_SOURCE MATERIAL_.
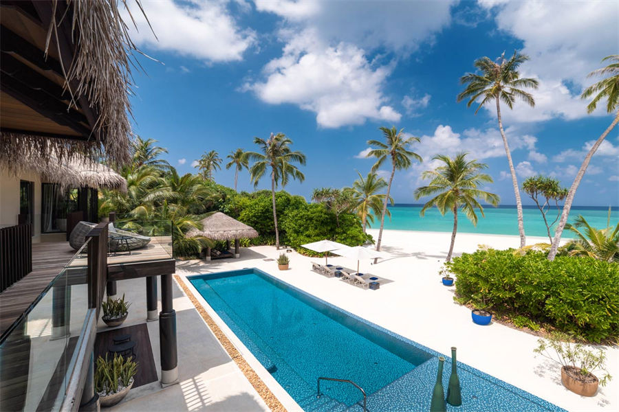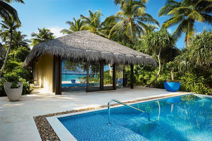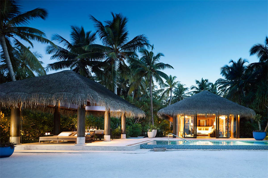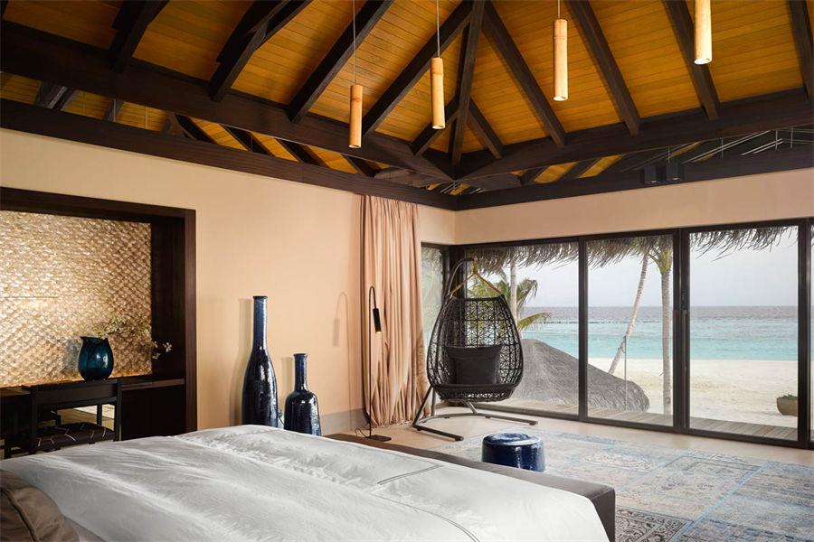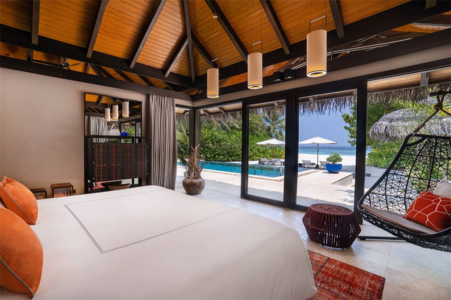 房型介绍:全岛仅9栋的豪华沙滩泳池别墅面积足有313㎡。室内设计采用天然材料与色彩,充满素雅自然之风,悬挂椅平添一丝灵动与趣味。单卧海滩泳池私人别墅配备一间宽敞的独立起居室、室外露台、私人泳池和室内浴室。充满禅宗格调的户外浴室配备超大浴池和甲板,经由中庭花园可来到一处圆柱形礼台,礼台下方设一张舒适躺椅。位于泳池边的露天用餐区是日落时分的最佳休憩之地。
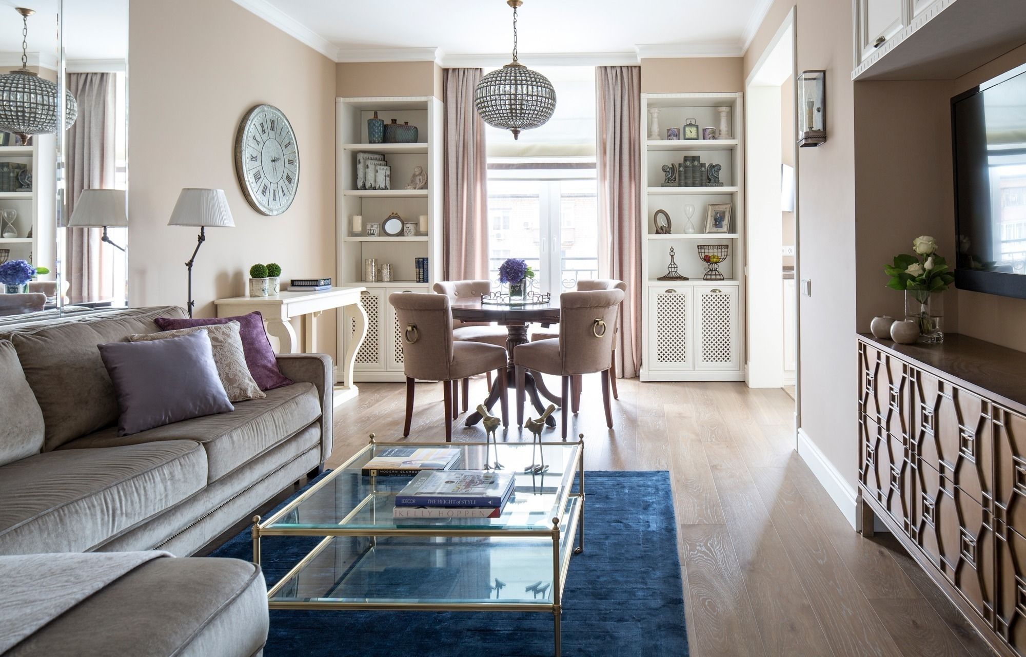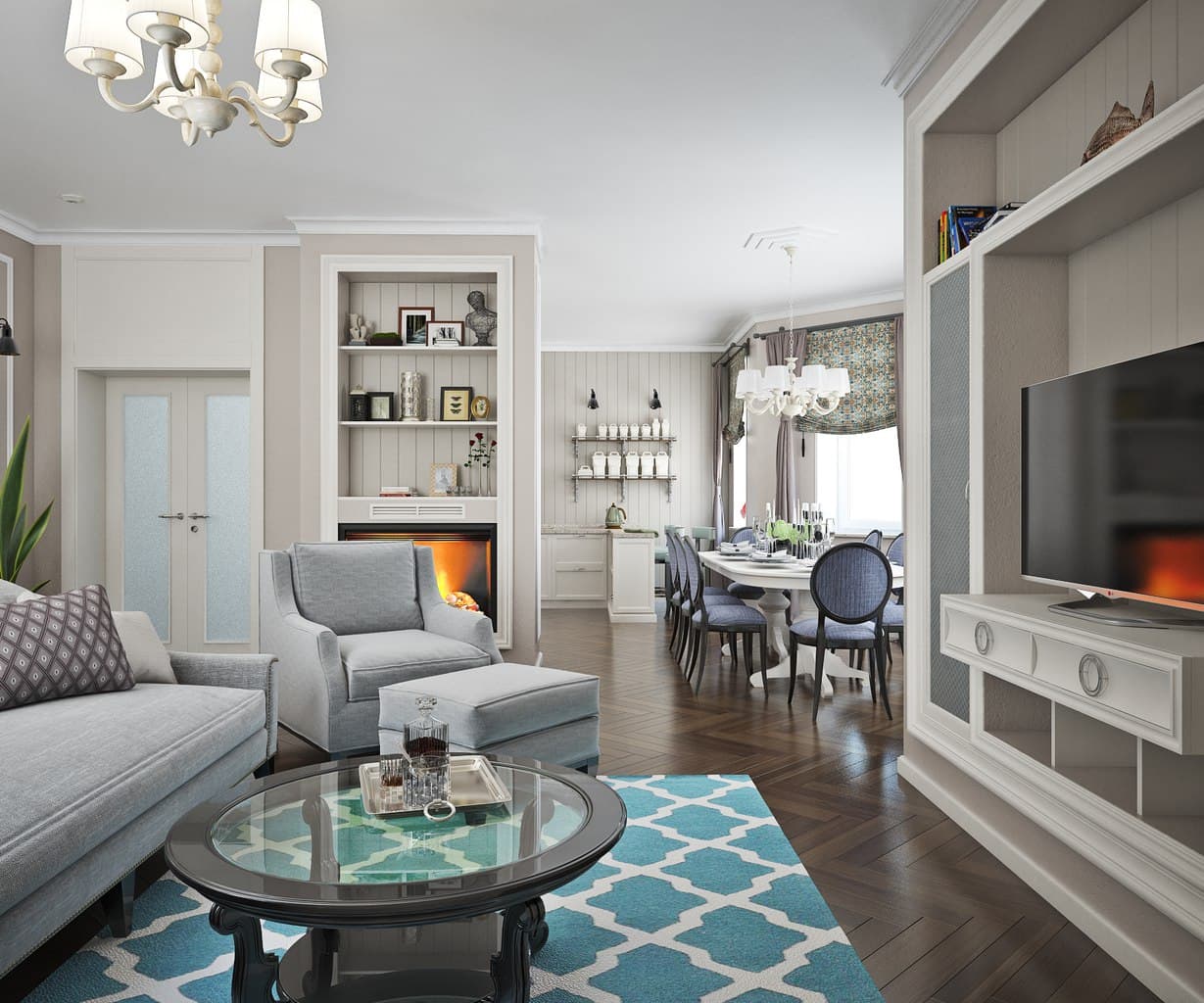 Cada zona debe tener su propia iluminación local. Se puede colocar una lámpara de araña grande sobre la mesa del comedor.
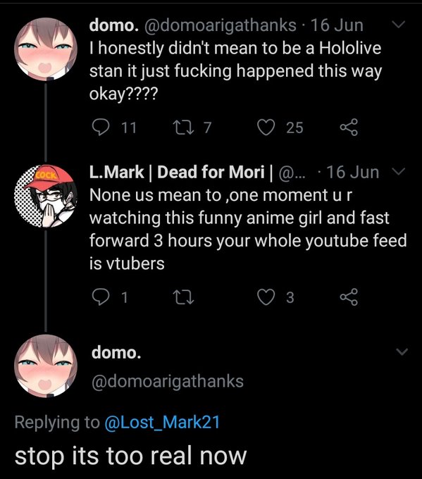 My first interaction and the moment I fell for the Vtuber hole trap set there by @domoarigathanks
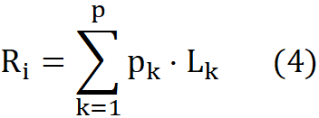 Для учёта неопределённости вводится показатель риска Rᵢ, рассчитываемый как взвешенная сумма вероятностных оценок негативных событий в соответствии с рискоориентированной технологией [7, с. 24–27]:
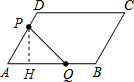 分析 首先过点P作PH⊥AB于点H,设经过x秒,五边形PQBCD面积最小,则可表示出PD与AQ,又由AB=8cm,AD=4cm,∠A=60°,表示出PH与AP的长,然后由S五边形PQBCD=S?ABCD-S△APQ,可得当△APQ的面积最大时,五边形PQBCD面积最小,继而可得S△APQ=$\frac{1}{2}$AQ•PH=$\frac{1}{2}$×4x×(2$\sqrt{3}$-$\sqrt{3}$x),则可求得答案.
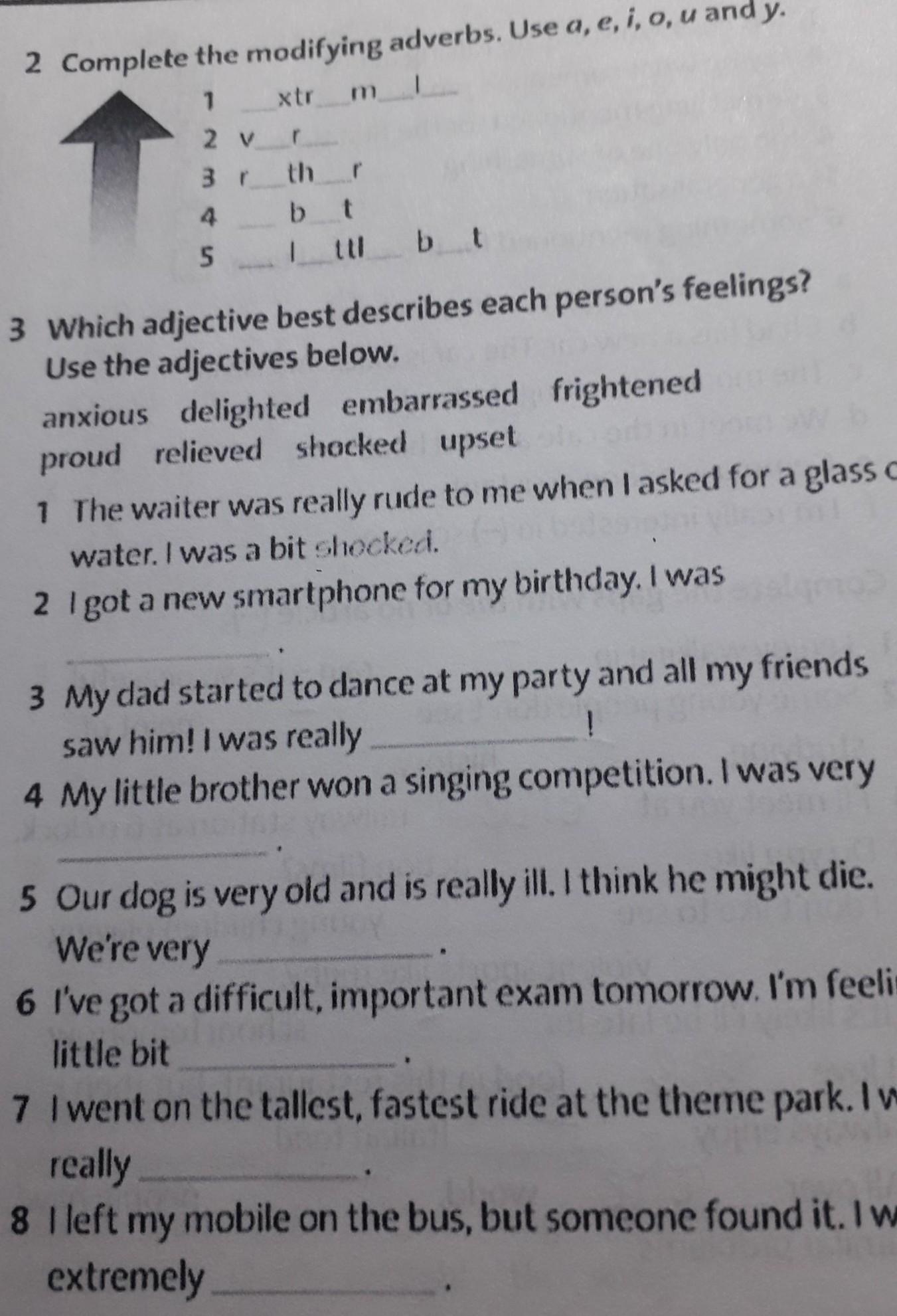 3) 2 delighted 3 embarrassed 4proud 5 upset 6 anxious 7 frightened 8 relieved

_YOUR TASK_. From the first line to the last, repeat the records exactly, leaving out the pictures.

_OUTPUT OF THE TASK_.
 房型介绍:全岛仅9栋的豪华沙滩泳池别墅面积足有313㎡。室内设计采用天然材料与色彩,充满素雅自然之风,悬挂椅平添一丝灵动与趣味。单卧海滩泳池私人别墅配备一间宽敞的独立起居室、室外露台、私人泳池和室内浴室。充满禅宗格调的户外浴室配备超大浴池和甲板,经由中庭花园可来到一处圆柱形礼台,礼台下方设一张舒适躺椅。位于泳池边的露天用餐区是日落时分的最佳休憩之地。
 Cada zona debe tener su propia iluminación local. Se puede colocar una lámpara de araña grande sobre la mesa del comedor.
 My first interaction and the moment I fell for the Vtuber hole trap set there by @domoarigathanks
 Для учёта неопределённости вводится показатель риска Rᵢ, рассчитываемый как взвешенная сумма вероятностных оценок негативных событий в соответствии с рискоориентированной технологией [7, с. 24–27]:
 分析 首先过点P作PH⊥AB于点H,设经过x秒,五边形PQBCD面积最小,则可表示出PD与AQ,又由AB=8cm,AD=4cm,∠A=60°,表示出PH与AP的长,然后由S五边形PQBCD=S?ABCD-S△APQ,可得当△APQ的面积最大时,五边形PQBCD面积最小,继而可得S△APQ=$\frac{1}{2}$AQ•PH=$\frac{1}{2}$×4x×(2$\sqrt{3}$-$\sqrt{3}$x),则可求得答案.
 3) 2 delighted 3 embarrassed 4proud 5 upset 6 anxious 7 frightened 8 relieved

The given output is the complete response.